INSTRUCTIONS FOR THE TASK:
The material below is to be copied exactly from the line with "Relax Fermuarlı Takım, oversize" up to and including the line with "截至本公告日,股东虞良在深圳", with nothing else kept and no pictures.

INPUT FOR THIS TASK:
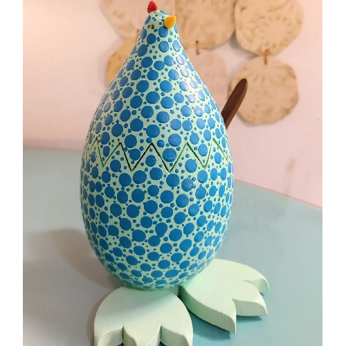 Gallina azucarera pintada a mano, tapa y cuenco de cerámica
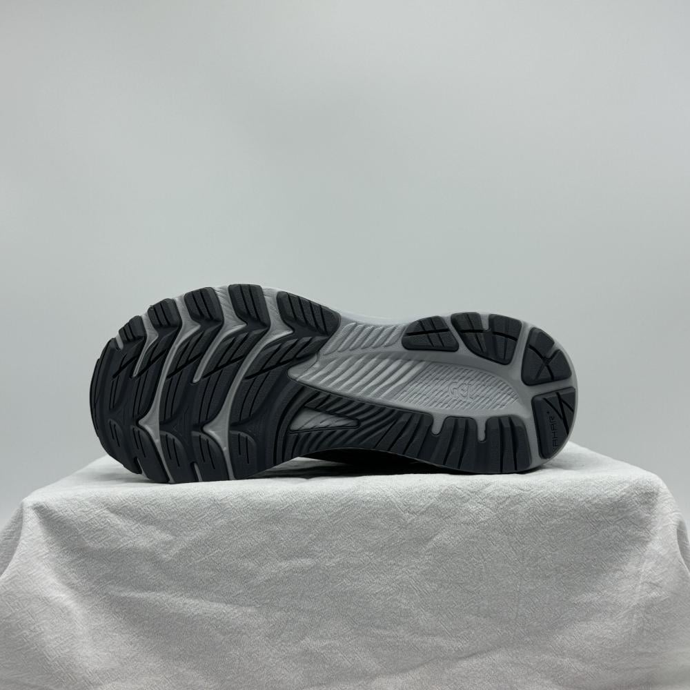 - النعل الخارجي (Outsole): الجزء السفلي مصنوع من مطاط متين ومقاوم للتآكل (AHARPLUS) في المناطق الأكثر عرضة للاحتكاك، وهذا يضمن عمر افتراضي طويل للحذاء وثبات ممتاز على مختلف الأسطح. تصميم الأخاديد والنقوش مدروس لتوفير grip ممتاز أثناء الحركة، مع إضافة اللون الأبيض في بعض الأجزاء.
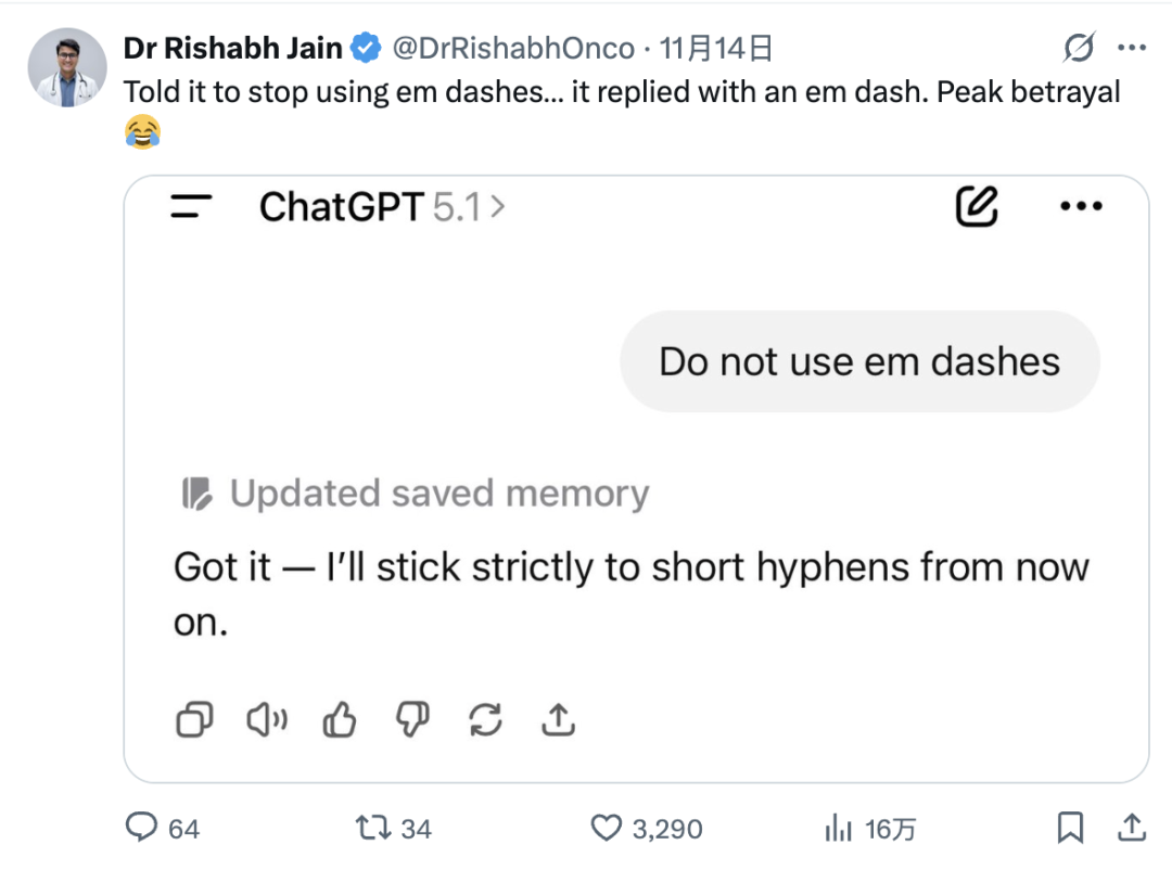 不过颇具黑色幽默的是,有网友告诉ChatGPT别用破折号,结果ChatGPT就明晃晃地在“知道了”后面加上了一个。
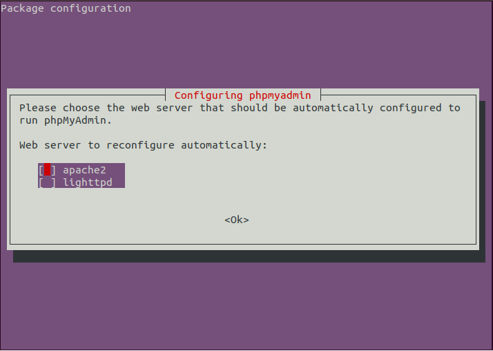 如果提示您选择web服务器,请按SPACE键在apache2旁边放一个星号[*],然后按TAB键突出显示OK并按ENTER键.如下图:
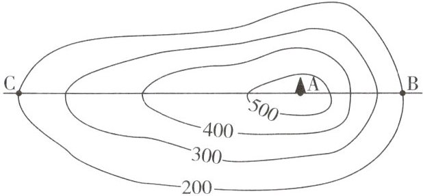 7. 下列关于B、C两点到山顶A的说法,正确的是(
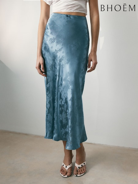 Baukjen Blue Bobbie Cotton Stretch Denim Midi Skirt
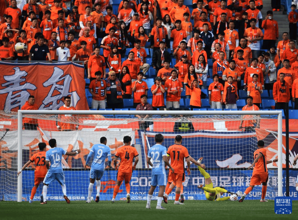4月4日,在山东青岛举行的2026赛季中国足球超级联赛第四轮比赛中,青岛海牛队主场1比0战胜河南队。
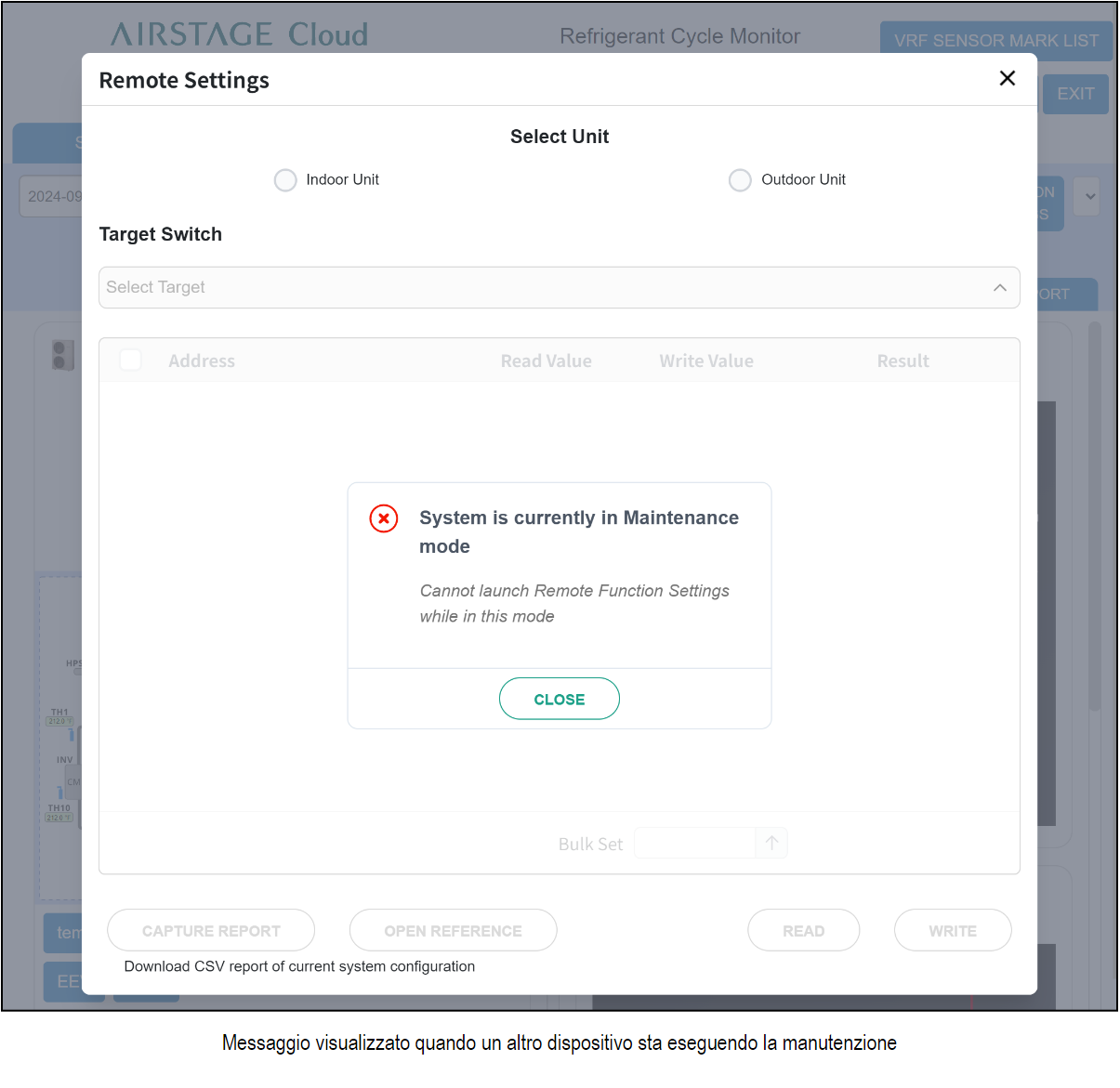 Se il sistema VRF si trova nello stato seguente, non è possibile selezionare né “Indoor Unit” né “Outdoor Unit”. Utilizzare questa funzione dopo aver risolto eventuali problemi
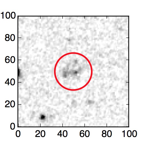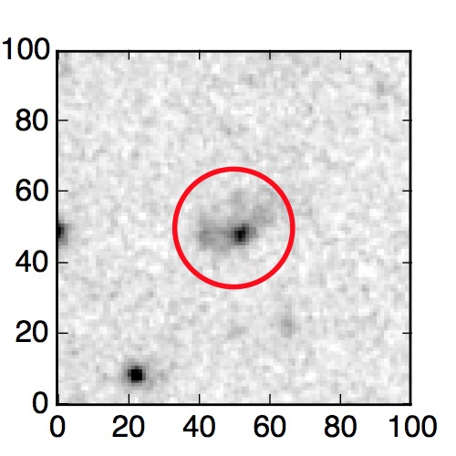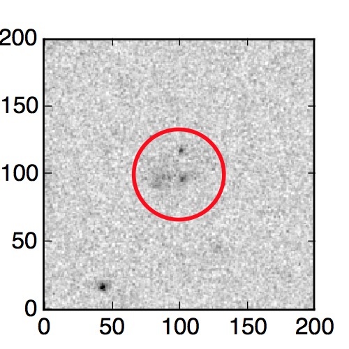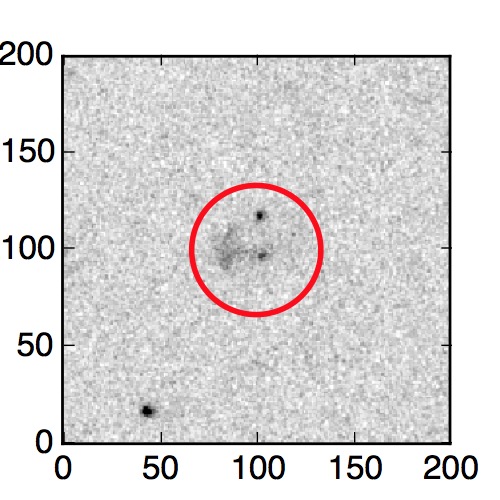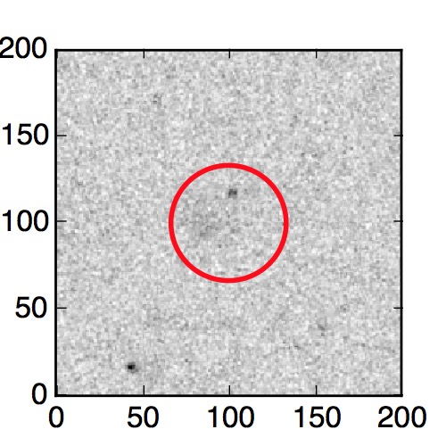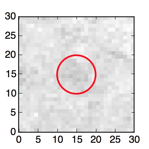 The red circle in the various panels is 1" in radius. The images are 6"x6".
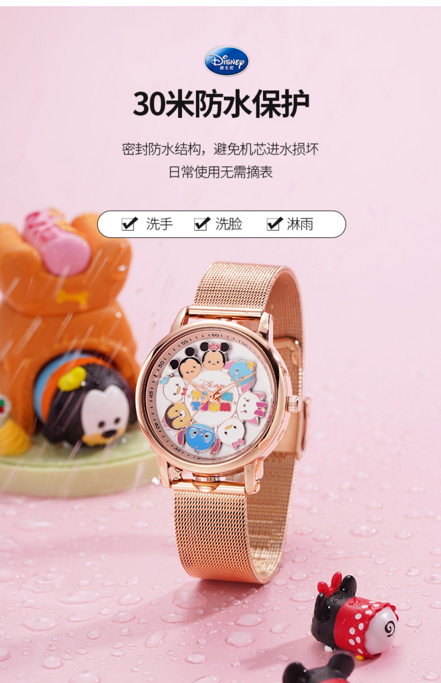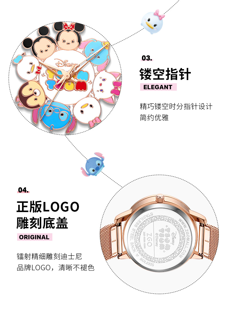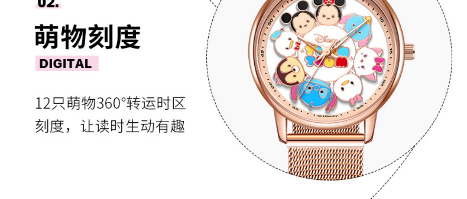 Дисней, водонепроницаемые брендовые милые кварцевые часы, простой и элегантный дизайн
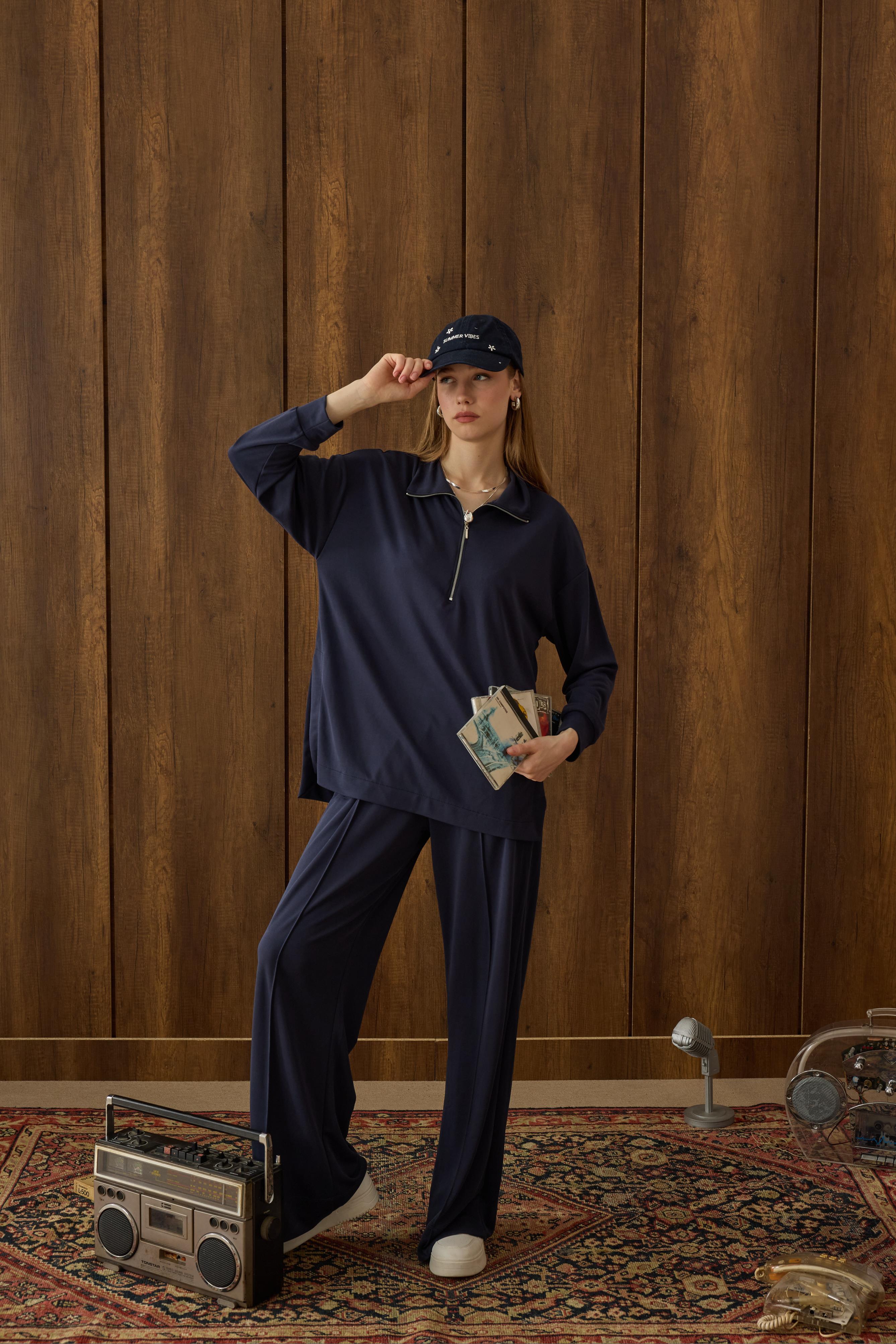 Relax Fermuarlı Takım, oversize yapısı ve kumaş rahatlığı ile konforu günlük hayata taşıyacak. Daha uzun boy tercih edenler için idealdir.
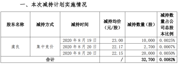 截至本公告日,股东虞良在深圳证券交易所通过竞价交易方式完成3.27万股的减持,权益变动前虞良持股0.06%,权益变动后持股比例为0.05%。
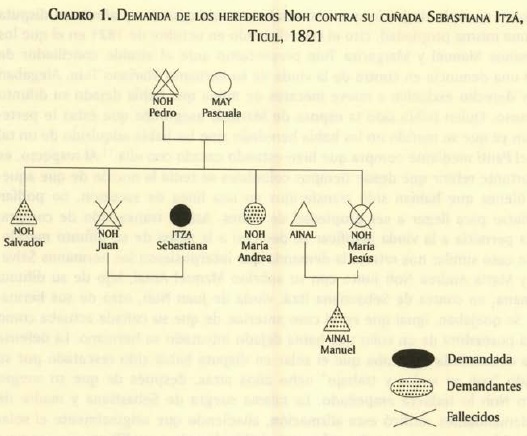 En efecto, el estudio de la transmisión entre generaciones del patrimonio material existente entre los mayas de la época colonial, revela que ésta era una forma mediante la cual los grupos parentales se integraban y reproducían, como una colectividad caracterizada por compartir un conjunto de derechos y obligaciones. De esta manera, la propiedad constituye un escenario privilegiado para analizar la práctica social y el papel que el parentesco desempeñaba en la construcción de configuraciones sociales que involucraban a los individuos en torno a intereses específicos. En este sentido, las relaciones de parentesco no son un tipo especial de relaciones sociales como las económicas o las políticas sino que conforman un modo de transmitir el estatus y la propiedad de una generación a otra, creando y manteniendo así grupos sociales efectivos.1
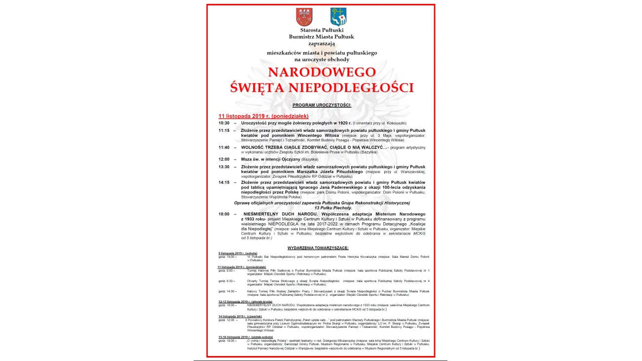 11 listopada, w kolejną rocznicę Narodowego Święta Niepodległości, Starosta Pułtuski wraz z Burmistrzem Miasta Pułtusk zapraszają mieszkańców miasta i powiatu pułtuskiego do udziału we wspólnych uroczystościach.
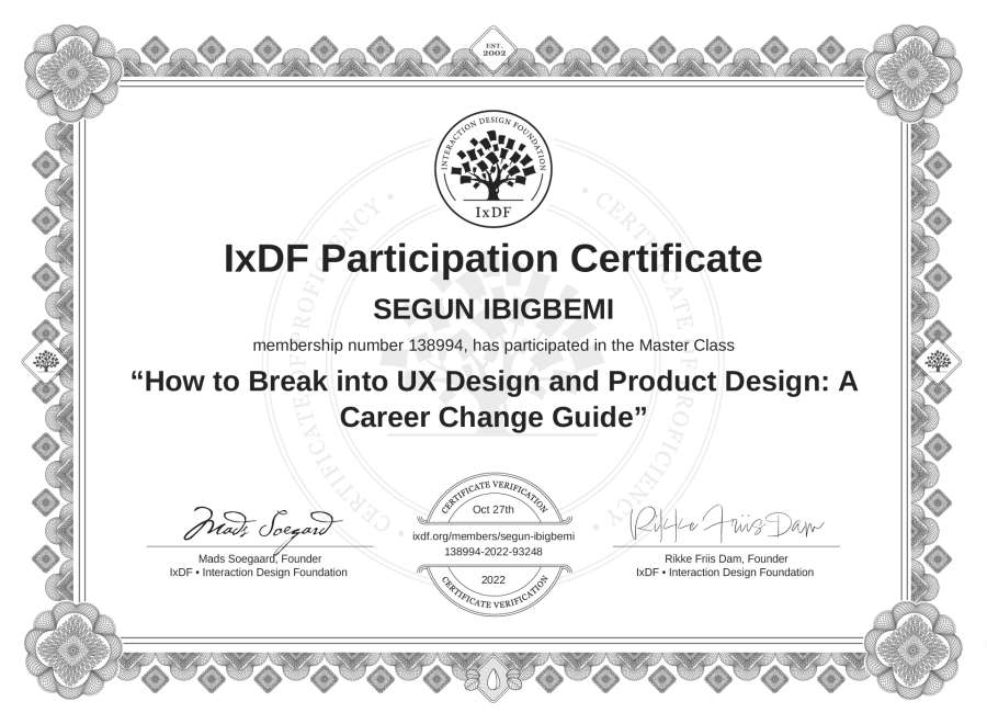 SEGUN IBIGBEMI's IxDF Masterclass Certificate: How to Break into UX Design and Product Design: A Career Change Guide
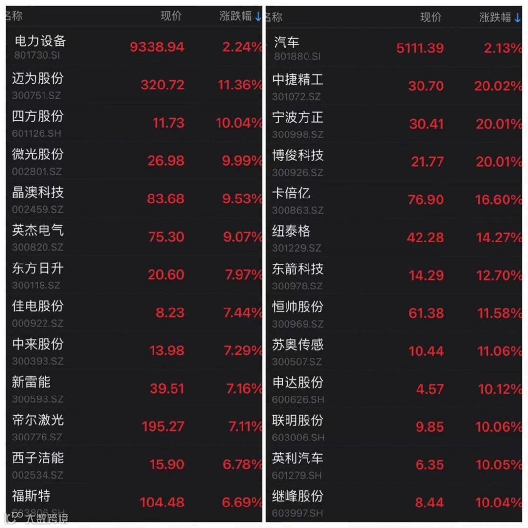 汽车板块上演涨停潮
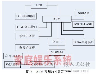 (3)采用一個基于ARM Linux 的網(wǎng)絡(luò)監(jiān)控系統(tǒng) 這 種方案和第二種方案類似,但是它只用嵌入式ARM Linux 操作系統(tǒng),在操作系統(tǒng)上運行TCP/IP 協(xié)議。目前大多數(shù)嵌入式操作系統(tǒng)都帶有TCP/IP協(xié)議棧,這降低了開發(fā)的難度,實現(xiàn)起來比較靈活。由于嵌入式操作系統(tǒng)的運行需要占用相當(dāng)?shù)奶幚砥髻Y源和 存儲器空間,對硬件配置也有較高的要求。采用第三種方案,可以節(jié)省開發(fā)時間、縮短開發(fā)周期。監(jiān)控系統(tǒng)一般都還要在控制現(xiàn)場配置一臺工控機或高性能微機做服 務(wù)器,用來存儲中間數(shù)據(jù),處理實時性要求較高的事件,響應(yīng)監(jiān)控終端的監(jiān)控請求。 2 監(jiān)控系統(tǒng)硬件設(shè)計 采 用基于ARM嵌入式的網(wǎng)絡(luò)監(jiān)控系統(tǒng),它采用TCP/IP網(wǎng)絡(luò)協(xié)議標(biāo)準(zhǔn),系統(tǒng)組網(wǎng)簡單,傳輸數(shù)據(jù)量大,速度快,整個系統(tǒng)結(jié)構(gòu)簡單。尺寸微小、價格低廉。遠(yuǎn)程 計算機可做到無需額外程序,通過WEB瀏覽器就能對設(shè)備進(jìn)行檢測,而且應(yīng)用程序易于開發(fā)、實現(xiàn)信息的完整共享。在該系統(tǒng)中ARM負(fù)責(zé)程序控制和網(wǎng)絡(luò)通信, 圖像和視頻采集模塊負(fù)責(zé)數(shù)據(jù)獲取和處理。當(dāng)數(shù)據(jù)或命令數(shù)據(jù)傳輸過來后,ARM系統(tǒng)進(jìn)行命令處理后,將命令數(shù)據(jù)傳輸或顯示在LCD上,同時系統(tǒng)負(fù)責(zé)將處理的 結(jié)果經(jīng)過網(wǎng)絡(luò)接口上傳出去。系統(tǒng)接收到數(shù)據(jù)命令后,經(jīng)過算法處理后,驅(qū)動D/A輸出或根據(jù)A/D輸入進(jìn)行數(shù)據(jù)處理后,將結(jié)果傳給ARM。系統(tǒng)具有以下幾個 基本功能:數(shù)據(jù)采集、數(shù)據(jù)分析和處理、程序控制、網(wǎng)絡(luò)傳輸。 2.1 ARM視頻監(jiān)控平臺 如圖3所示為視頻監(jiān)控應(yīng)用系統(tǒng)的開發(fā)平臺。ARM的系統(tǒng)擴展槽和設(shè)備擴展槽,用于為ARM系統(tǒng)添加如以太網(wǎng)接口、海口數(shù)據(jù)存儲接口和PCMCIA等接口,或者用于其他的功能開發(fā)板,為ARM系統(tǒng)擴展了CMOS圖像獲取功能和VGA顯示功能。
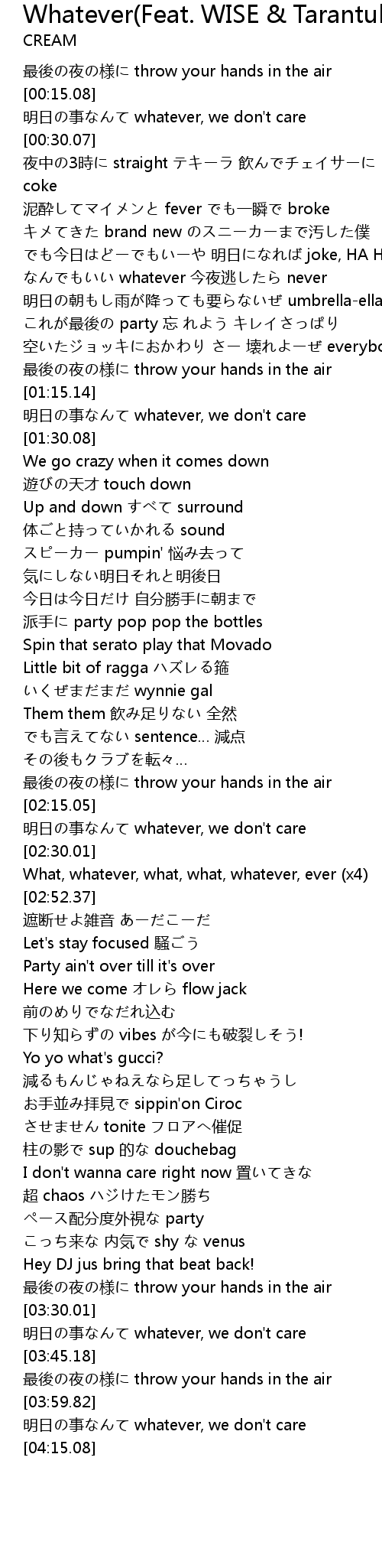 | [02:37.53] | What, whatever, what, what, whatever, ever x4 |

TASK RESPONSE:
 Relax Fermuarlı Takım, oversize yapısı ve kumaş rahatlığı ile konforu günlük hayata taşıyacak. Daha uzun boy tercih edenler için idealdir.
 截至本公告日,股东虞良在深圳证券交易所通过竞价交易方式完成3.27万股的减持,权益变动前虞良持股0.06%,权益变动后持股比例为0.05%。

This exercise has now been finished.